Graphene for sensor applications has received considerable attention due to the material's unique physicochemical properties, such as large surface to volume ratio, high mechanical strength, biocompatibility, excellent thermal and electrical conductivity, low cost, safety and ease of production. Graphene also exhibits a broad electrochemical potential and low charge-transfer resistance, making it almost ideal for multifunctional fast sensors. Another important feature required in optical biosensors is the ability to be functionalized. Both graphene and graphene oxide (GO) are versatile materials for functionalization.
This multitude of favorable properties has led to a wide array of investigations into graphene use for biosensing. Particularly interesting configurations are graphene field-effect transistors (GFETs) and graphene enhanced surface plasmon resonance (SPR). These types of graphene sensors have been used for DNA, protein, glucose, and bacteria detection.

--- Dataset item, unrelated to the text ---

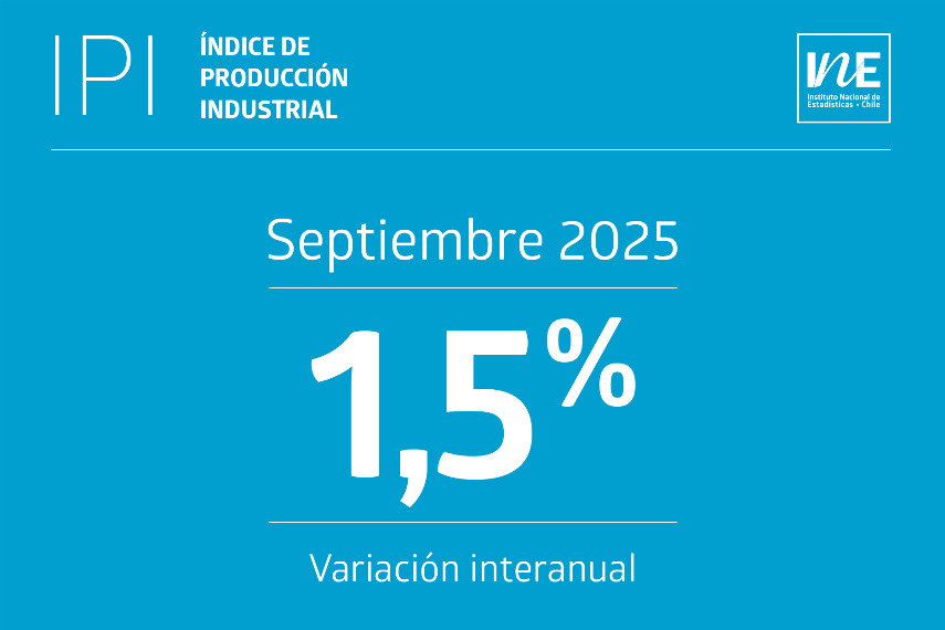 El Índice de Producción Industrial (IPI) mostró un aumento interanual de 1,5% en septiembre de 2025, gracias principalmente a la mayor actividad manufacturera y del sector electricidad, gas y agua, según datos del Instituto Nacional de Estadísticas (INE).

Graphene field effect transistors (GFET)
GFET is a modification of the classic silicon field-effect transistor, ubiquitous in modern electronics. In traditional transistors, silicon acts as a thin conducting channel, the conductivity of which can be tuned with applied voltage. GFETs perform in a similar manner, except that the silicon is replaced with graphene, which yields a much thinner and hence more sensitive channel region. Due to the broad electrochemical potential and ability to be functionalized, GFETs present an attractive device for biomolecules to attach to, and because of graphene's ultimate thinness and extreme surface-to-volume ratio, even the smallest concentration of attached molecules changes the channel conductivity. GFET biosensors are available for sensing enzymes, hydrogen peroxides, dopamine, and reduced b-nicotinamide adenine dinucleotide (NADH) molecules.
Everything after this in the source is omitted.